Correct Answer: (2, 7, 28)
Solution : Given:
(3, 4, 24); (4, 5, 40)
In the above-given sets, multiply 2 by the product of the first and second numbers.
(3, 4, 24)→3 × 4 = 12; 12 × 2 = 24
(4, 5, 40)→4 × 5 = 20; 20 × 2 = 40
Let's check each option –
First option: (4, 6, 35)→4 × 6 = 24; 24 × 2 = 48 ≠ 35
Second option:(5, 7, 42)→5 × 7 = 35; 35 × 2 = 70 ≠ 42
Third option: (3, 7, 21)→3 × 7 = 21; 21 × 2 = 42 ≠ 21
Fourth option: (2, 7, 28)→2 × 7 = 14; 14 × 2 = 28
So, (2, 7, 28) follows the same pattern.

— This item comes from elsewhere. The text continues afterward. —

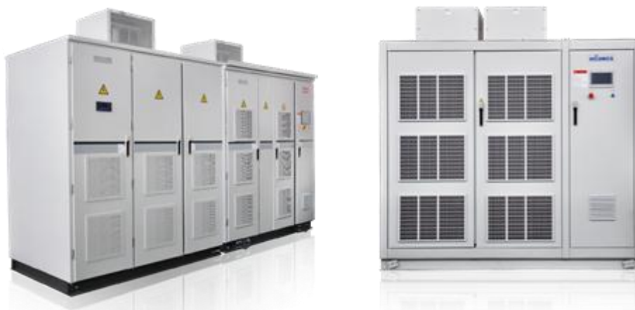
图1 高压变频器系列

2021年，中高压变频器市场高速增长，公司作为高压变频器行业的龙头企业，2021年依然保持市场领先地位，高压变频器收入稳步上升。同时公司积极开拓海外市场，韩国和德国的集成商客户实现订单转化，海外高压变频器市场取得较大突破。报告期内，高压变频器收入72,195.93万元，同比增长32.23%。高压变频器新增订单金额65,906.13万元，同比增长15.38%。公司将加强研发投入，在保持技术领先优势的同时，加大国内各行业以及海外市场开拓力度，稳固公司的头部企业地位。

Hence, the fourth option is correct.
Correct Answer: (13, 19, 64)
Solution : Given:
(13, 14, 54); (15, 18, 66)
Like, (13, 14, 54)→(13 + 14) × 2 = 27 × 2 = 54
(15, 18, 66)→(15 + 18) × 2 = 33 × 2 = 66
Let's check the options –
First option: (11, 13, 52)→(11 + 13) × 2 = 24 × 2 = 48 ≠ 52
Second option: (15, 17, 66)→(15 + 17) × 2 = 32 × 2 = 64 ≠ 66
Third option: (13, 19, 64)→(13 + 19) × 2 = 32 × 2 = 64
Fourth option: (12, 34, 90)→(12 + 34) × 2 = 46 × 2 = 92 ≠ 90
So, only the third option follows the same pattern as followed by the given set of numbers. Hence, the third option is correct.